I can hear your stomach grumbling from over here.
It’s time to eat.
This problem can be found as problem 70. Climbing Stairs on Leetcode.
Problem
You are climbing a staircase. It takes n
steps to reach the top.
Each time you can either climb 1
or 2
steps. In how many distinct ways can you climb to the top?
Example 1:
Input: n = 2
Output: 2
Explanation: There are two ways to climb to the top.
1. 1 step + 1 step
2. 2 steps
Example 2:
Input: n = 3
Output: 3
Explanation: There are three ways to climb to the top.
1. 1 step + 1 step + 1 step
2. 1 step + 2 steps
3. 2 steps + 1 step
Constraints:
1 <= n <= 45
You can test your solution here
I have some really interesting information for you at the end. Use that to show off in your interviews and get those bonus points.
Step 1: Looking for patterns
There are a few things about this question-
It’s simple to understand.
We can break this problem into different sub-parts. When climbing stairs, the act of climbing each individual stair is identical, whether you’re on steps 1,5, or 10. Assuming of course there are more steps left to climb at each of these points.
This points to a recursive sub-structure.
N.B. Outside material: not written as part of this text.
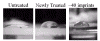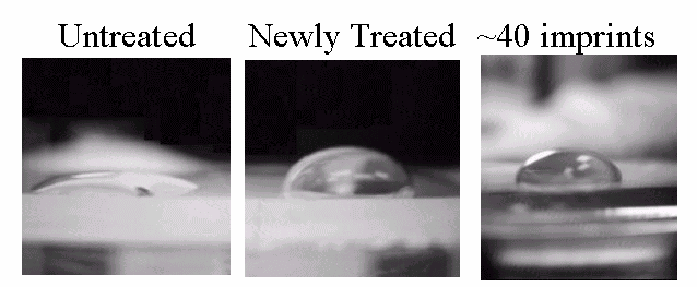 Figure 2. Water contact angle on an untreated template (left), a newly treated template (center), and a treated template (right) that was used to imprint numerous times. The template retained its release functionality, and it can be seen that the water contact angle did not change significantly. XPS analysis of the C region indicates that the film consists of as semi-fluorinated chain, and the C peak distribution is as would be expected from a film formes using this precursor, as shown in Figure 3.

We don’t know what the exact recurrence relations are at this point. We will figure them out. How do we do this?
When starting off with a question like this, I like to start playing with small test cases to see if I can spot a pattern. This is a technique that you will see me use often in this newsletter, especially with questions that involve math/recursion. To get better with this for recursion specifically, check out my post on Mathematical Induction and Recursion.
So let’s do that.
Step 2: Testing a few Sample inputs
So what does our expected output look like?
The next smallest input is 4. With n=4, we end up with a result of 5. With n=5, we will end up with 8. You can verify these for yourself if you’d like. The numbers are starting to get too big for me, so this is where I would stop and take a step back.
Okay, so where to go from here? Let’s go back to analyzing the structure of this problem.
Let’s say we’re at step n. To get here, there are only two possible steps we could have taken- (n-1) and (n-2). Regardless of how we got to these, we can only use one of these to get to n directly.
This is true for every n that is not 1 or 2 (since both of these would lead to n-1==0 and n-2==0 respectively). So these 2 become our base cases. Neat. That’s a huge step in finding our recurrence relation. Now for the main relation.
Step 3: Finding a Recurrence Relation
We already know that we can only get to step n from either step n-1 or n-2. What else can we figure out?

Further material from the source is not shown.